Как Змей отцовствовать начал
Позвольте осведомиться, любезные читатели, чтоб вы стали делать, окажись у вас внезапно на руках пара прожорливых горластых младенцев мужеского полу, да ещё и с врождённой способностью летать и изрыгать огонь? Не знаете? Вот и Змей мой не знал. Правда, на счастье его, стояла та летняя щедрая пора, когда и тебе черника, и малина, и морошка, и орехи, а потом в огородах крестьянских капуста с репой сытные да морковка сладкая воруй, не хочу. И вскоре у Змея такие сытые колобки по пещере катались, за хвост его дёргали, по шеям карабкались, задавали неудобные вопросы и норовили удрать куда-нибудь в лес, где вкусно пахнет болотом и ягодой, что стал он жить их нуждами, радоваться их радостями и печалиться их печалями. И стал замечать, что сынки у него совсем разные.
Первый, старшенький, всё больше съестным интересуется. Где что растёт, когда что вызревает, откуда что берётся. Всё норовит какой новый корешок выкопать или дудку болотную обглодать, и уж рвётся в огороды и поля наведаться.

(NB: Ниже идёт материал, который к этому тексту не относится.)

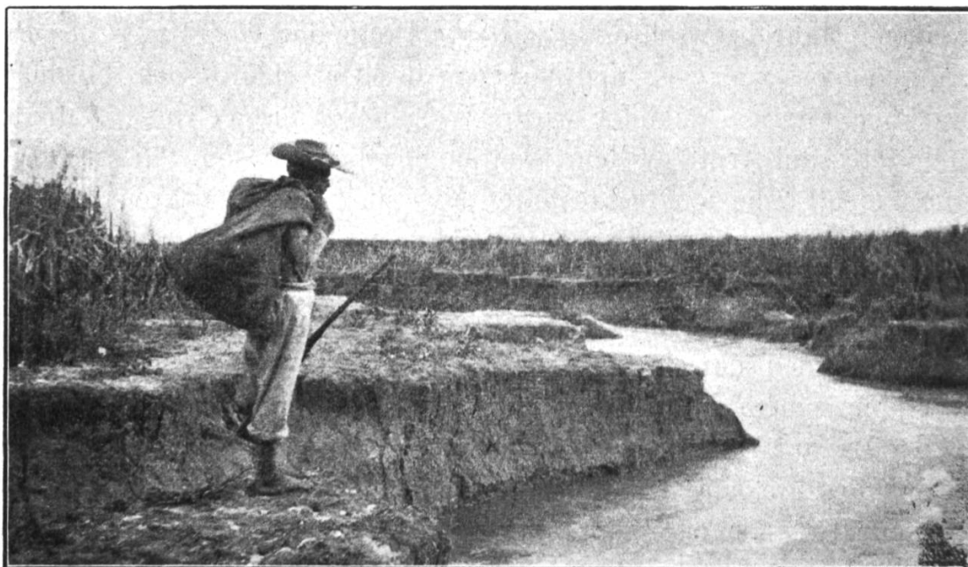
Ursprung des Rio Confuso.

Das Flussbett des Pilcomayo geht noch einige 20 km ohne Unterbrechung bis zur Laguna Chaik-Sataindi (indianisch für: viele Palmen) weiter, an welchem Punkte sich der Estero in zwei Arme teilt. Hier fliesst der Pilcomayo innerhalb des engen südlichen Armes des Estero, welcher eine Breite von nur 1500 m hat und auf beiden Seiten von Algarrobo-Wald begrenzt wird. Etwa 20 km nachher mündet dieser kleine Estero in den grossen Estero Patiño, der übrigens niemals ein See gewesen sein kann, wie dies bisher angenommen wurde. Innerhalb dieser ganzen Strecke und weiteren 10 km, in denen die Wasser des Pilcomayo im Estero Patiño fliessen,

Младший в небо глазеет и мечтает. И тоже вопросы задаёт. Вот целый день и звенит в ушах на два голоса :
Зачем у жука шесть лапок, а крыльев четыре?
Почему червяк со всех сторон одинаковый, а гусеница нет?
Крапива злая да, раз она жжётся? А почему тогда молодая не жжётся?
Почему одуванчики горькие? Почему клевер сладкий?
А почему огонь лапу обжигает, а пасть нет?
Шишки только с одной стороны открываются, да, папа?
Зачем на лапах столько когтей, они ж не удобные и ходить мешают? Зато они цеплючие и
можно на самое высокое дерево забраться!
А почему, когда летишь, чтобы повернуть, надо набок наклоняться?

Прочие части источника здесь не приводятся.